**Task prompt:**
Repeat the lines of the data exactly, from the first one through the one that contains "按照上面的理論依據(jù),以及時間和價".

**Records from a data collection:**
= Beginning of Section =
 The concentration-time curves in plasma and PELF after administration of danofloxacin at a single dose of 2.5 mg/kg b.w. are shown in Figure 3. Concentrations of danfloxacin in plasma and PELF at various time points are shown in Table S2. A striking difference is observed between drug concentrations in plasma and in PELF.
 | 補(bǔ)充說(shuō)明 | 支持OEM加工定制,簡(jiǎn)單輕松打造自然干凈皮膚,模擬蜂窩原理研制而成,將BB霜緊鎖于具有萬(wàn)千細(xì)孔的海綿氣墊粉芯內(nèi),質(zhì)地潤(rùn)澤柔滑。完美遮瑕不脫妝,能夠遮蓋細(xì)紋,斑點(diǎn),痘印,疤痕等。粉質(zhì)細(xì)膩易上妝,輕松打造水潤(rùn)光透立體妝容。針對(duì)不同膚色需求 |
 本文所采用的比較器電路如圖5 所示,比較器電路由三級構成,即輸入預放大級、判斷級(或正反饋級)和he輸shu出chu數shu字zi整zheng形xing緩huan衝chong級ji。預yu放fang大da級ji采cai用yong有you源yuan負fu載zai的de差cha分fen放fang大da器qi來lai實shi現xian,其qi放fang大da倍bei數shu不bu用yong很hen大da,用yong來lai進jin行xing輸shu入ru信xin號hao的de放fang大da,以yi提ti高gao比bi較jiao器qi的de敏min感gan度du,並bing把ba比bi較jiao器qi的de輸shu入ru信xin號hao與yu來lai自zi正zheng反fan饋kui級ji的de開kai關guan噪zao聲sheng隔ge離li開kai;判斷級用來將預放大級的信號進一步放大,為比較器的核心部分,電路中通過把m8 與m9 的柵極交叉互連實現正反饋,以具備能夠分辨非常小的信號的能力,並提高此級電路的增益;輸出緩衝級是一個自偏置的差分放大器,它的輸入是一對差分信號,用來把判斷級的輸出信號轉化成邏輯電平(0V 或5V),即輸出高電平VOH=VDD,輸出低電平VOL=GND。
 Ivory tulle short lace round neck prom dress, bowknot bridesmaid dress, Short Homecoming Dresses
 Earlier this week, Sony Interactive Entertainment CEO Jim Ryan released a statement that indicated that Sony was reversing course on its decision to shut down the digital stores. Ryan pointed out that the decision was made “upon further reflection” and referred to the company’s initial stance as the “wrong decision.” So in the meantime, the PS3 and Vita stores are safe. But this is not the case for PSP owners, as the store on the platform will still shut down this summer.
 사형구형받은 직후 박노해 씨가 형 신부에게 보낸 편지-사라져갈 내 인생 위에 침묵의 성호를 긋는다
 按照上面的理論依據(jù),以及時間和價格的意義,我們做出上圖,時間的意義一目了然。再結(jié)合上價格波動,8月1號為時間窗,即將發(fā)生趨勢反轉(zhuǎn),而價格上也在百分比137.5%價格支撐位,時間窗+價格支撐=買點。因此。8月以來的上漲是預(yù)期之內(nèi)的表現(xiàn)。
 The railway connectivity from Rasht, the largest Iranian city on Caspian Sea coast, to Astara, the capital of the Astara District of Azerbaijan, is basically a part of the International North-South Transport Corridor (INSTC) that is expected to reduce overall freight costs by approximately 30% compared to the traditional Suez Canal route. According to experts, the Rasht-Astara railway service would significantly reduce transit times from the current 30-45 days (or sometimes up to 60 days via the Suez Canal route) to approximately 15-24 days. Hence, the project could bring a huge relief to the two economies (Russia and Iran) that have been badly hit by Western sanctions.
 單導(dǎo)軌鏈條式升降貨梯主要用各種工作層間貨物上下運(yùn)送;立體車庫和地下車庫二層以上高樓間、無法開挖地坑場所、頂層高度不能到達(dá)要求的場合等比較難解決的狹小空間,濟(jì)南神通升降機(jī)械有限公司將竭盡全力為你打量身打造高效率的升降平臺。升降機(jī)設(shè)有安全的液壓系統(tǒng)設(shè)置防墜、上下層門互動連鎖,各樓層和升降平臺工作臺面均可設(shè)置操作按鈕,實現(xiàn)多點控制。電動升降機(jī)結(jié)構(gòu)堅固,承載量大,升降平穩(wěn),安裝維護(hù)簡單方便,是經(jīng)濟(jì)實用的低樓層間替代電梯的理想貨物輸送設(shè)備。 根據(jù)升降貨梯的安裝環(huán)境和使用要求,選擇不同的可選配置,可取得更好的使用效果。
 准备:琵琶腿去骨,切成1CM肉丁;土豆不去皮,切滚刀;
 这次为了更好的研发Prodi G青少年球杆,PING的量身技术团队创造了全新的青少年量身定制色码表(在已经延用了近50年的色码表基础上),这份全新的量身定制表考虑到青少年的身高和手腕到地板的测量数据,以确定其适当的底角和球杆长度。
= End of Section =
**Response to this exercise:**
 The concentration-time curves in plasma and PELF after administration of danofloxacin at a single dose of 2.5 mg/kg b.w. are shown in Figure 3. Concentrations of danfloxacin in plasma and PELF at various time points are shown in Table S2. A striking difference is observed between drug concentrations in plasma and in PELF.
 | 補(bǔ)充說(shuō)明 | 支持OEM加工定制,簡(jiǎn)單輕松打造自然干凈皮膚,模擬蜂窩原理研制而成,將BB霜緊鎖于具有萬(wàn)千細(xì)孔的海綿氣墊粉芯內(nèi),質(zhì)地潤(rùn)澤柔滑。完美遮瑕不脫妝,能夠遮蓋細(xì)紋,斑點(diǎn),痘印,疤痕等。粉質(zhì)細(xì)膩易上妝,輕松打造水潤(rùn)光透立體妝容。針對(duì)不同膚色需求 |
 本文所采用的比較器電路如圖5 所示,比較器電路由三級構成,即輸入預放大級、判斷級(或正反饋級)和he輸shu出chu數shu字zi整zheng形xing緩huan衝chong級ji。預yu放fang大da級ji采cai用yong有you源yuan負fu載zai的de差cha分fen放fang大da器qi來lai實shi現xian,其qi放fang大da倍bei數shu不bu用yong很hen大da,用yong來lai進jin行xing輸shu入ru信xin號hao的de放fang大da,以yi提ti高gao比bi較jiao器qi的de敏min感gan度du,並bing把ba比bi較jiao器qi的de輸shu入ru信xin號hao與yu來lai自zi正zheng反fan饋kui級ji的de開kai關guan噪zao聲sheng隔ge離li開kai;判斷級用來將預放大級的信號進一步放大,為比較器的核心部分,電路中通過把m8 與m9 的柵極交叉互連實現正反饋,以具備能夠分辨非常小的信號的能力,並提高此級電路的增益;輸出緩衝級是一個自偏置的差分放大器,它的輸入是一對差分信號,用來把判斷級的輸出信號轉化成邏輯電平(0V 或5V),即輸出高電平VOH=VDD,輸出低電平VOL=GND。
 Ivory tulle short lace round neck prom dress, bowknot bridesmaid dress, Short Homecoming Dresses
 Earlier this week, Sony Interactive Entertainment CEO Jim Ryan released a statement that indicated that Sony was reversing course on its decision to shut down the digital stores. Ryan pointed out that the decision was made “upon further reflection” and referred to the company’s initial stance as the “wrong decision.” So in the meantime, the PS3 and Vita stores are safe. But this is not the case for PSP owners, as the store on the platform will still shut down this summer.
 사형구형받은 직후 박노해 씨가 형 신부에게 보낸 편지-사라져갈 내 인생 위에 침묵의 성호를 긋는다
 按照上面的理論依據(jù),以及時間和價格的意義,我們做出上圖,時間的意義一目了然。再結(jié)合上價格波動,8月1號為時間窗,即將發(fā)生趨勢反轉(zhuǎn),而價格上也在百分比137.5%價格支撐位,時間窗+價格支撐=買點。因此。8月以來的上漲是預(yù)期之內(nèi)的表現(xiàn)。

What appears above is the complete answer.